## Cheating ones way through linear algebra

Here are a few arguments that are possibly useful to prove things when one hasn’t set up all the usual machinery of vector spaces, subspaces and dimensions, presented in decreasing order of how seriously that could be used in a first course on matrix algebra. Since it fits well with the syllabus for the first year course I’m lecturing this term, I’m going to assume reduced row-echelon form is available. Throughout all matrices have coefficients in a field $F$.

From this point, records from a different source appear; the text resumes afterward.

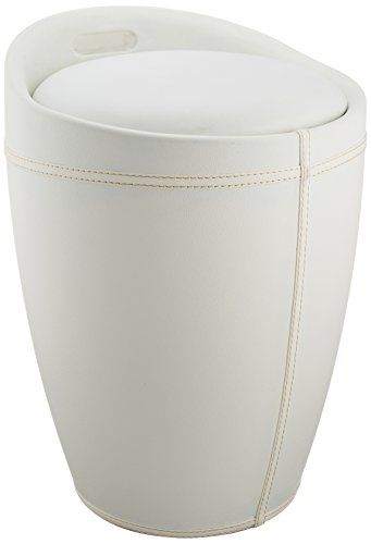 Wenko 21773100 Candy White Leather Look Bathroom Stool, 14.2" x 19.9" x 14.2"
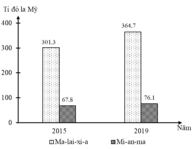 Cho biểu đồ:GDP CỦA MA-LAI-XI-A VÀ MI-AN-MA NĂM 2015 VÀ NĂM 2019(Số liệu theo Niên giám thống kê
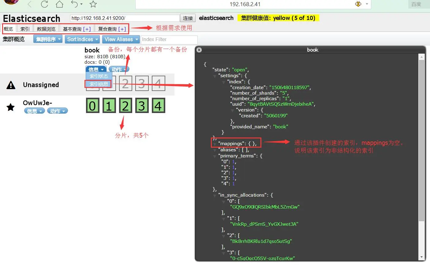 访问 http://192.168.2.41:9200 查看内容显示效果不友好,因此,我们需要安装一个名为 elasticsearch-head 的插件,让内容显示效果比较舒适。
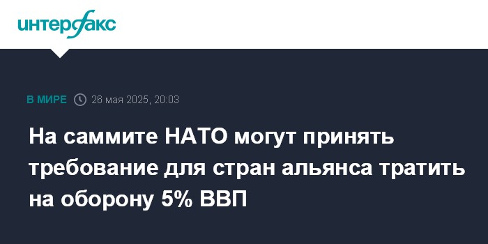 Москва. 26 мая. INTERFAX.RU - Участники саммита НАТО, который пройдет с 24 по 26 июня, могут одобрить показатель оборонных трат для стран альянса в 5% от их ВВП, заявил в понедельник генсек альянса Марк Рютте.
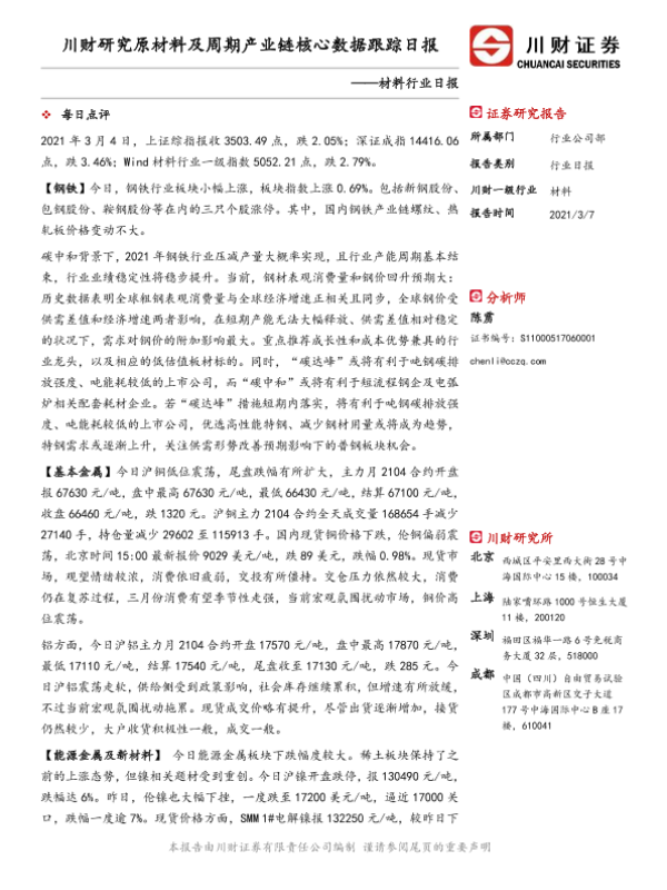【川财证券】【20210307】材料行业日报:川财研究原材料及周期产业链核心数据跟踪日报-4页
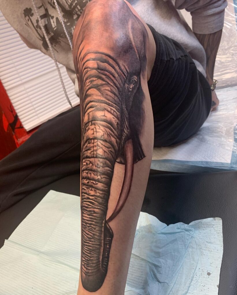 This large-scale tattoo covers the entire leg, featuring a hyper-realistic elephant head and trunk that flows seamlessly along the leg’s natural shape. The detailed wrinkles, shading, and tusk work give the piece an almost photographic quality, making it a stunning display of artistry and dedication.

### Invertible if and only if injective by row operations

Given a matrix $B$ in reduced row-echelon form it is almost trivial to write down all solutions to $B x = 0$. There are non-zero solutions if and only if not every column of $B$ contains a pivot. For example, the solutions to

$\left( \begin{matrix} 1 & 2 & 0 & 3 \\ 0 & 0 & 1 & 4 \\ 0 & 0 & 0 & 0 \end{matrix}\right) \left( \begin{matrix} x_1 \\ x_2 \\ x_3 \\ x_4 \end{matrix} \right) = \left( \begin{matrix} 0 \\ 0 \\ 0 \end{matrix} \right)$

are

$\left\{ \left( \begin{matrix} -2x_2-3x_4 \\ x_2 \\ -4x_4 \\ x_4 \end{matrix} \right) : x_2, x_4 \in F \right \};$

the pivot column variables are determined by the non-pivot variables, which may be chosen freely.

Let $f : F^n \rightarrow F^n$ be an invertible linear map represented by the matrix $A$. Obviously if $f$ is invertible then $f$ is injective. Conversely, suppose that $f$ is injective and that $A$ has reduced row-echelon form $B$, so $B = QA$ for some invertible matrix $Q$. If $B$ has a zero row then it has at most $n-1$ pivots, so by the remark above, $B$ has a non-zero kernel. Therefore $B$ has $n$ pivots and so is the identity matrix. Hence $I = QA$. Now this only shows that $A$ has a left inverse, but since $Q$ is a product of elementary matrices (corresponding to row operations), and each such elementary matrix is easily seen to be invertible (in the usual sense), $Q$ is invertible and so $A = Q^{-1}$ is invertible.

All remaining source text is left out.